The construction of the Shanghai Tower was a groundbreaking achievement for Chinese companies. After all, it was the first time they had to construct a building taller than 600 meters, and also the first time a single-building project with a weight of 850,000 tons was constructed on soft clay ground, said Hang Yingwei, president of Shanghai Construction Group, the contractor for the Shanghai Tower development.
To build the tower, Shanghai Construction Group spent millions of yuan to research building information modeling (BIM) technology and the Shanghai Tower represents the first application of this technology by Chinese companies, added Hang.
“We stored every detail of the complicated design into an iPad, and more than 3,500 workers can work together at peak construction periods, thanks to the three-dimensional digital technology of BIM,” said Hang.
High technology requires huge input, and Shanghai Construction Group spared no efforts in research and development investment. More than 2.5 billion yuan was spent on technological R&D in 2014, and Hang said that such input has started to pay off.

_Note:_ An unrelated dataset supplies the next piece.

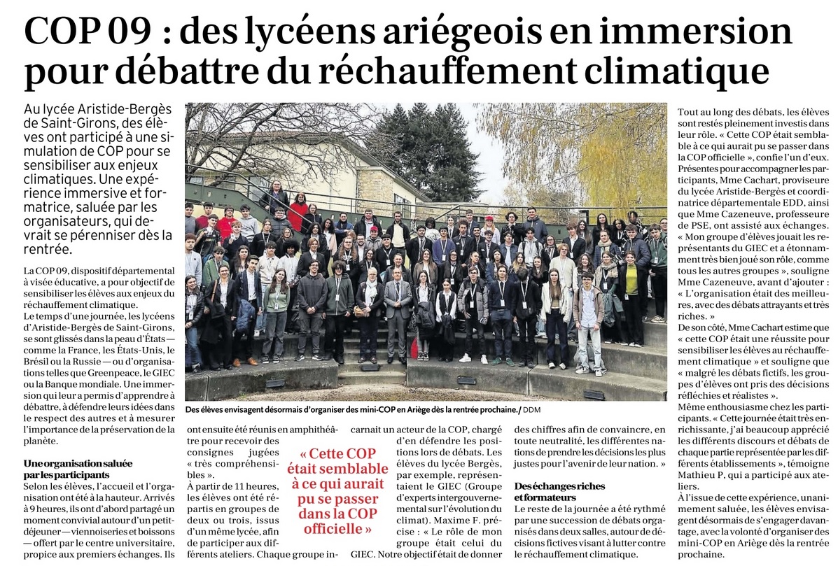 Des élèves de 2FMEMNB ont participé à la COP09 à Foix

“A fine building is like a business card for a city, but more importantly, it is a testament to the making of history,” said Hang, who noted that Shanghai Construction Group will be looking to use its intelligent construction and green technology to build more buildings and turn Shanghai into a smart city.

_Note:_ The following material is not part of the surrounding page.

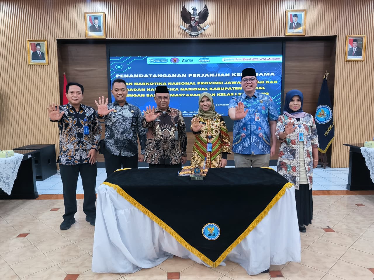 SEMARANG-Dailypost-indonesia.my.id| Kepala Balai Pemasyarakatan (Bapas) Kelas I Semarang Totok Budiyanto menandatangani perjanjian kerjasama dengan Kepala Badan Narkotika Nasional Provinsi (BNNP) Jawa Tengah Toton Rasyid dan Kepala Badan Narkotika Nasional Kabupaten (BNNK) Kendal Anna Setiywati, di Kantor BNNP Jawa Tengah, Jum’at (30/01)

As many as 600,000 new energy cars will be produced by Shanghai Automotive Industry Corporation (SAIC) by 2020, among which, about 200,000 will be under its own brands.
The current annual sales revenue of SAIC is around 630 billion yuan, or one-third of the combined revenue of all of Shanghai’s State-owned enterprises.
According to Chen Zhixin, president of SAIC, a breakthrough in core technology has already been made and the company’s own car brands are poised for a new era of development.
Chen added that the increase in building capacity will complement automotive innovation and e-commerce. An online platform for sales and resale, as well as maintenance, was launched in March this year and nearly 3,500 retailers have signed up.
Although SAIC currently produces 5.62 million cars, or 23 percent of the nation’s total, only 2 percent of the company’s cars are sold overseas, whilst merely 4 percent of its products are under its owned brands, according to Chen Yongming, a professor from Shanghai Administration Institute.
“This situation will soon change in the next five to 10 years as the city is working to develop advanced manufacturing industries which in turn will help to boost SAIC’s presence in foreign markets,” said Professor Chen.
Reforms can be expected in the public transportation sector to boost efficiency as well. Shanghai’s underground network is currently the world’s longest, measuring 577 kilometers and comprising 339 stations and 15 lines. As of the first half of 2015, the network handles 8.09 million passenger trips daily.
According to Gu Weihua, president of Shanghai Shentong Metro Group Co Ltd, the waiting time for trains at Shanghai’s major metro line stations will be within two minutes in the next five years, and the total distance covered by the subway network will hit 1,000 kilometers by 2025.
China's automobile industry will be leveraging technology to boost production and presence in foreign markets, while public transportation is expected to become more efficient.